● Data excerpts:
[Start of Attachment]

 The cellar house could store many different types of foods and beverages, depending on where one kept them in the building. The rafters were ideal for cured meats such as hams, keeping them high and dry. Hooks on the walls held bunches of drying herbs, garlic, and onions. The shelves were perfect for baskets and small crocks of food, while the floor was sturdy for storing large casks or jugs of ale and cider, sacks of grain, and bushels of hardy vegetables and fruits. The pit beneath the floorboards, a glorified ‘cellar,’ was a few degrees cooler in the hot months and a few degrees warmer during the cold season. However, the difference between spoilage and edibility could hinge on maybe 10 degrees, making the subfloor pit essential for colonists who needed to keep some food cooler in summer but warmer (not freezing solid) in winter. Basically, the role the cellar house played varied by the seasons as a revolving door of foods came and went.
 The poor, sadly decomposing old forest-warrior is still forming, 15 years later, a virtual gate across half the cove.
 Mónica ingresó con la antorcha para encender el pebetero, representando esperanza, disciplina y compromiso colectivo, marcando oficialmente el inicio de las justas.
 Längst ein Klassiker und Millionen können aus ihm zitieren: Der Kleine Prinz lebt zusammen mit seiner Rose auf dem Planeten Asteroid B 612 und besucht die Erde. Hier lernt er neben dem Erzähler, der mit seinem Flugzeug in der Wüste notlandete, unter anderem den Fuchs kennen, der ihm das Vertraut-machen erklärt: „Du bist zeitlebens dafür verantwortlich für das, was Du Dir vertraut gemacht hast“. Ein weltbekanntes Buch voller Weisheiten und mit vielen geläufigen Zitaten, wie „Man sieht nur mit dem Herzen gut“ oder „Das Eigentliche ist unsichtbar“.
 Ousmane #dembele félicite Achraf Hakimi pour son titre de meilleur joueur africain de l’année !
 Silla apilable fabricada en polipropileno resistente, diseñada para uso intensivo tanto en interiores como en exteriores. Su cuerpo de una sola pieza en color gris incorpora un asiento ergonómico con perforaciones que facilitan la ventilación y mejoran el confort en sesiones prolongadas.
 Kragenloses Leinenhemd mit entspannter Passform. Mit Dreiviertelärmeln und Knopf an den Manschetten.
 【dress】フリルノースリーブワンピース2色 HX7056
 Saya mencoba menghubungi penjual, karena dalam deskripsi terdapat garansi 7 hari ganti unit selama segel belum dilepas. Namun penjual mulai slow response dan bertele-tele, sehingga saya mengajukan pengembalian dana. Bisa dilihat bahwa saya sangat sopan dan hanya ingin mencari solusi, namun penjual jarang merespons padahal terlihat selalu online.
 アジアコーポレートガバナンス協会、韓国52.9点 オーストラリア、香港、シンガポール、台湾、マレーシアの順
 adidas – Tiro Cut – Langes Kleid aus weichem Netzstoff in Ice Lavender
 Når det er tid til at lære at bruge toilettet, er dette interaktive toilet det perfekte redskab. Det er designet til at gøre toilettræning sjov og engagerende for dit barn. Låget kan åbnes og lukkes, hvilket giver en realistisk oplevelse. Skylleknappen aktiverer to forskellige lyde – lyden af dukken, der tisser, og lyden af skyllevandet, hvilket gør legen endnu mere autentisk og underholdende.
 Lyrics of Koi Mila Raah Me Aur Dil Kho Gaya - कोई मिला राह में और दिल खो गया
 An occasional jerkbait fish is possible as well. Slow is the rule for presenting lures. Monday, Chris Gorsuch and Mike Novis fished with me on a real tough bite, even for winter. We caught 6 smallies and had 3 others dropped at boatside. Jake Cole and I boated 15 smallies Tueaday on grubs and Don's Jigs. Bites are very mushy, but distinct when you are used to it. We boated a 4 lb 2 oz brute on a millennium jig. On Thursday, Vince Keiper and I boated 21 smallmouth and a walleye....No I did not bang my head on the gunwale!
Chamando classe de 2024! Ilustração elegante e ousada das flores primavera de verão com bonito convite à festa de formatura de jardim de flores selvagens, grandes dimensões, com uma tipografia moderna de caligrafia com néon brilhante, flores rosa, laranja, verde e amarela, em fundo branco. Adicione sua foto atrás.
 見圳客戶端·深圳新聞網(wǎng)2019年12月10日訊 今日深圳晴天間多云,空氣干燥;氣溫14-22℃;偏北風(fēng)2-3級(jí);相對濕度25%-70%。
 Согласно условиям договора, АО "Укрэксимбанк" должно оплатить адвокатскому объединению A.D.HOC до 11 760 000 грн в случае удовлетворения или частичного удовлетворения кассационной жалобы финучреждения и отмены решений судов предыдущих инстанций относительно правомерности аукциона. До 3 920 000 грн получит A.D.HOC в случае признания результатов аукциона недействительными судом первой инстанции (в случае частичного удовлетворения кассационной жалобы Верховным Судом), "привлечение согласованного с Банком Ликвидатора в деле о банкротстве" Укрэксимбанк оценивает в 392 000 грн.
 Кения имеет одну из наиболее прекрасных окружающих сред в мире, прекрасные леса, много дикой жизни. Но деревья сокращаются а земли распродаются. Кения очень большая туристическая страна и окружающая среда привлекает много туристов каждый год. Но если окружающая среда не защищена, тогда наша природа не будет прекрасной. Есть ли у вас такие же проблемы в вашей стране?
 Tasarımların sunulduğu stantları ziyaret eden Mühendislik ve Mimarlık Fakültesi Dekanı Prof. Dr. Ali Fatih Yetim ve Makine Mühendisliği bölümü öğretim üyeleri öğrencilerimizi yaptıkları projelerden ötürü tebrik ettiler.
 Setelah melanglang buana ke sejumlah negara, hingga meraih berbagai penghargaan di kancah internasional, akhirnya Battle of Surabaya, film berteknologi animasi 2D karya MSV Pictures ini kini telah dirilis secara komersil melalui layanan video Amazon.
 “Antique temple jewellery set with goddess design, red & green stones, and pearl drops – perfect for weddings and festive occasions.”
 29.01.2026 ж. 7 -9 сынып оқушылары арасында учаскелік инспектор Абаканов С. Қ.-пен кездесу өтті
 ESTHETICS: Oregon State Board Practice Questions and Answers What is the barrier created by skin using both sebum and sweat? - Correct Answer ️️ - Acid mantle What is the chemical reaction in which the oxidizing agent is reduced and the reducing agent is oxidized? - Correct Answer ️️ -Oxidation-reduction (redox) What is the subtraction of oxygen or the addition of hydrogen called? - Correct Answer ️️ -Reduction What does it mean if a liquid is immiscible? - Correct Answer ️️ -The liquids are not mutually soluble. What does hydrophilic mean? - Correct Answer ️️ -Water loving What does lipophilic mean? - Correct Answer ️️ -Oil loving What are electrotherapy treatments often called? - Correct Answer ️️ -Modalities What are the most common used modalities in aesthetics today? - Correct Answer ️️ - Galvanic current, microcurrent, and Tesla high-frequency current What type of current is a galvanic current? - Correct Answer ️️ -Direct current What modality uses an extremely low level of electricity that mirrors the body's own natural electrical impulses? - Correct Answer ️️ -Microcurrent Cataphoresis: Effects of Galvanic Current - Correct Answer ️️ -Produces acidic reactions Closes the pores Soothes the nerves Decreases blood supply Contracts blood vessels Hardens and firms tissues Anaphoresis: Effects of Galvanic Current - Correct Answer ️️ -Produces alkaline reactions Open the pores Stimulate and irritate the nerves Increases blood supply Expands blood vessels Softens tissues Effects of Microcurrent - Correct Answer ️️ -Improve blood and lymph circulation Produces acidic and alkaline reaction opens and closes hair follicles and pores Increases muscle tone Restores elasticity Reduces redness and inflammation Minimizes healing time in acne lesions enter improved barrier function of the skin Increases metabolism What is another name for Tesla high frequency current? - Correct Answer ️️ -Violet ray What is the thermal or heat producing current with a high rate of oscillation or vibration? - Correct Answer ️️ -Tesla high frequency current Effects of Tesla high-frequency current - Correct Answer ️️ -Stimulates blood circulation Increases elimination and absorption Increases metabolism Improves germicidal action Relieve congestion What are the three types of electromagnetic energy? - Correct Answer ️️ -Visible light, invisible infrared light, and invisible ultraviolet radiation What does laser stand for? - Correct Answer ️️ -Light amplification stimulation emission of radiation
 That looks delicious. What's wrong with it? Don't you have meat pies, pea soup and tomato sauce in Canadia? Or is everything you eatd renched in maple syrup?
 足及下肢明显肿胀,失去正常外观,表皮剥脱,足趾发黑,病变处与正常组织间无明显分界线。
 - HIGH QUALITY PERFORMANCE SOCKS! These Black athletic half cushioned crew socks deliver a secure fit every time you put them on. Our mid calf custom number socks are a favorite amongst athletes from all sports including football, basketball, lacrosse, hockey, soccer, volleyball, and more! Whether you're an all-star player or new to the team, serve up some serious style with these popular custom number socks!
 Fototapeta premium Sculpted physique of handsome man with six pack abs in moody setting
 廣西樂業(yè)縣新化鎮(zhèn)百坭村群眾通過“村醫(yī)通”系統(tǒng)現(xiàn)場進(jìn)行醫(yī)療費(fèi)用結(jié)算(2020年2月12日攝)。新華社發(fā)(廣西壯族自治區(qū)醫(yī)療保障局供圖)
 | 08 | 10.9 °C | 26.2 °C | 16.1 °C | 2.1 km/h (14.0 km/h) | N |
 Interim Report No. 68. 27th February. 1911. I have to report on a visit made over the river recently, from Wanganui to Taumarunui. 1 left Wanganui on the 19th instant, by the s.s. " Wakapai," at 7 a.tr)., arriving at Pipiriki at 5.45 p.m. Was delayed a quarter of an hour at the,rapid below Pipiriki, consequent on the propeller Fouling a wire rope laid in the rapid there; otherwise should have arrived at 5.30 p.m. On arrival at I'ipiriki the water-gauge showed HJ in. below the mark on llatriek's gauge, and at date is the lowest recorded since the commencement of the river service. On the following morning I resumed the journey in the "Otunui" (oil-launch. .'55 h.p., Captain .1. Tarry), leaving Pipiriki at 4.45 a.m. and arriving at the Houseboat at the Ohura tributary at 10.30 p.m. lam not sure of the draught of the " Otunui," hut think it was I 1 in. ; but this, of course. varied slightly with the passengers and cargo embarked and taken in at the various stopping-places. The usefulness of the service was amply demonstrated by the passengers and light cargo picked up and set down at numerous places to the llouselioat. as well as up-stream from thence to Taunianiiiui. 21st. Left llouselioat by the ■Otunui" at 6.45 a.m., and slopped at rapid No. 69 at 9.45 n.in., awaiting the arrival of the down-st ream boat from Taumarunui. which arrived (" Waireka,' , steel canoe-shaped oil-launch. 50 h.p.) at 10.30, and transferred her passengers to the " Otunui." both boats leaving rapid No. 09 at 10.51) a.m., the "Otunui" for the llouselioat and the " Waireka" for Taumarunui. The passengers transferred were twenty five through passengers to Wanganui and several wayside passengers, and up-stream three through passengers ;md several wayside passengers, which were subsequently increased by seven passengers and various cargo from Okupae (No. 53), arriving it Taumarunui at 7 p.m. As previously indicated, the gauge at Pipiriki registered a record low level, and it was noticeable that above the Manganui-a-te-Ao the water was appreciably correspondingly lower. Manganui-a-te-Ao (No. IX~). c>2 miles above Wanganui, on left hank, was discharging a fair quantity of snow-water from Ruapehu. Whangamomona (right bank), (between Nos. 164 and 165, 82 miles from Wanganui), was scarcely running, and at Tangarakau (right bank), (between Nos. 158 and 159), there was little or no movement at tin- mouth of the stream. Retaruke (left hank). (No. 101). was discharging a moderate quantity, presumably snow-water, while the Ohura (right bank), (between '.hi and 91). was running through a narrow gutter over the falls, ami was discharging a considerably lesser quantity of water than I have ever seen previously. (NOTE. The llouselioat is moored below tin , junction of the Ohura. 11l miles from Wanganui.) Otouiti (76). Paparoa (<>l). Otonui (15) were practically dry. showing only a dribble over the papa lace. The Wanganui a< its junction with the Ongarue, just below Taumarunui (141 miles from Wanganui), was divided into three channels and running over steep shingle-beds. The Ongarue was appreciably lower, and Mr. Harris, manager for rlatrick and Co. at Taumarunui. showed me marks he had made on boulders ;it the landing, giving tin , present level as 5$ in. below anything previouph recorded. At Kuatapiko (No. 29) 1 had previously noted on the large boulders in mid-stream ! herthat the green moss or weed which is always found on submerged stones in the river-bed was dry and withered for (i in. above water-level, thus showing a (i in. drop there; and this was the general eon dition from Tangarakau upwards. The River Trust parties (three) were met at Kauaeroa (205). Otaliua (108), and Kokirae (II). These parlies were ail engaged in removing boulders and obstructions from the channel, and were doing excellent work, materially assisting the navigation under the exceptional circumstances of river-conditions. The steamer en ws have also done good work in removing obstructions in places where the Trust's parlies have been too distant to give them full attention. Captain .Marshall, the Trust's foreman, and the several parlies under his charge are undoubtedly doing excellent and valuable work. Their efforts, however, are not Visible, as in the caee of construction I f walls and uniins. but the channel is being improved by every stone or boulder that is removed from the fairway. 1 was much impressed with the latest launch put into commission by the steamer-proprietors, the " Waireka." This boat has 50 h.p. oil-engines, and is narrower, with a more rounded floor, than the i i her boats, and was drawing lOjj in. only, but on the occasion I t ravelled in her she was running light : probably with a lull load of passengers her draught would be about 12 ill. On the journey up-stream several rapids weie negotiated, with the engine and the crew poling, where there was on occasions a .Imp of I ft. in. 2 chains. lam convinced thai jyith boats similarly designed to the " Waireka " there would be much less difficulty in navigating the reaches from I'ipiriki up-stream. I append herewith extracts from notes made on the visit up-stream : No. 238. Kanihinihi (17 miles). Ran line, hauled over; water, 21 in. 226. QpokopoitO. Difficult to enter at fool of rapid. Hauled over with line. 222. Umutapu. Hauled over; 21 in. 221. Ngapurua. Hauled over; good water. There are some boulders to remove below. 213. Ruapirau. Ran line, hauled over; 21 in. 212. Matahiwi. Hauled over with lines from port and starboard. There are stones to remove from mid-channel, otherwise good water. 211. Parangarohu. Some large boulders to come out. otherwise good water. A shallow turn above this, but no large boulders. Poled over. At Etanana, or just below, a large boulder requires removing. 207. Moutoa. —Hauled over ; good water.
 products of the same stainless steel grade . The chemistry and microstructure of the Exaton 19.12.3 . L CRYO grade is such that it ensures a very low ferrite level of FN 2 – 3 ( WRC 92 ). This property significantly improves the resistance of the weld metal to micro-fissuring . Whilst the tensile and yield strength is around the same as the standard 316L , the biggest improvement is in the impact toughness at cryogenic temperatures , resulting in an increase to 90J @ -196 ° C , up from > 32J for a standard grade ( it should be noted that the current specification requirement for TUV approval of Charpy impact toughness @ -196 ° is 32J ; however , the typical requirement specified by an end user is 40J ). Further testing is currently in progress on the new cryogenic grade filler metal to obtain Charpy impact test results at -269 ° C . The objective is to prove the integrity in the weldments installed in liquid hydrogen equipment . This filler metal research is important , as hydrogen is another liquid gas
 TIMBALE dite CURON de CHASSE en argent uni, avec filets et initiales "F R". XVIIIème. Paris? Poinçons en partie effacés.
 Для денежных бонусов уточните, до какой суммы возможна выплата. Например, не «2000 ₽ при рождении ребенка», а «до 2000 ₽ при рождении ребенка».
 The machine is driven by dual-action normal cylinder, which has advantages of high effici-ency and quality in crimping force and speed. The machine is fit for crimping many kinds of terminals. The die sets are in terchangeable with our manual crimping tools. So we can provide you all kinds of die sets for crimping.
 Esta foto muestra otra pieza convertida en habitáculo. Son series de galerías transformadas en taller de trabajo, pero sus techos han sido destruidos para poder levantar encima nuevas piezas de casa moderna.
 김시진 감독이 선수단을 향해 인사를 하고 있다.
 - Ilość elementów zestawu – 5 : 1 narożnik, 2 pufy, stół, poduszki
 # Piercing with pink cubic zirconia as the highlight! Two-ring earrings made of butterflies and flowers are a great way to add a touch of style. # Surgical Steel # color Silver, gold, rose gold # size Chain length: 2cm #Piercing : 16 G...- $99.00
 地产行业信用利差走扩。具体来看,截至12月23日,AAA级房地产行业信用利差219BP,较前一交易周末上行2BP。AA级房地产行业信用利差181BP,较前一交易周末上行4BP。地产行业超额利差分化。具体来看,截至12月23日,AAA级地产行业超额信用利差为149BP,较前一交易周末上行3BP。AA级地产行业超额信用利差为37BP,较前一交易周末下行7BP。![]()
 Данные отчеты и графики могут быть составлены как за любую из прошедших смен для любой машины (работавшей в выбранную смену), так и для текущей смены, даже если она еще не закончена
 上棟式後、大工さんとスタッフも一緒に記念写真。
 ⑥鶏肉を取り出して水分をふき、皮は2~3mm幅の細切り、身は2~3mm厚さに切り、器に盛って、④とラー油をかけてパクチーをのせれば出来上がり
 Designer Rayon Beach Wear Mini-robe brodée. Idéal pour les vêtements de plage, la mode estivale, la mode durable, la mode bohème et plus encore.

[End of Attachment]

● Directions for this task: Above are some records. Report the number of their lines that include "pour", and add nothing else.

● The completed task: 2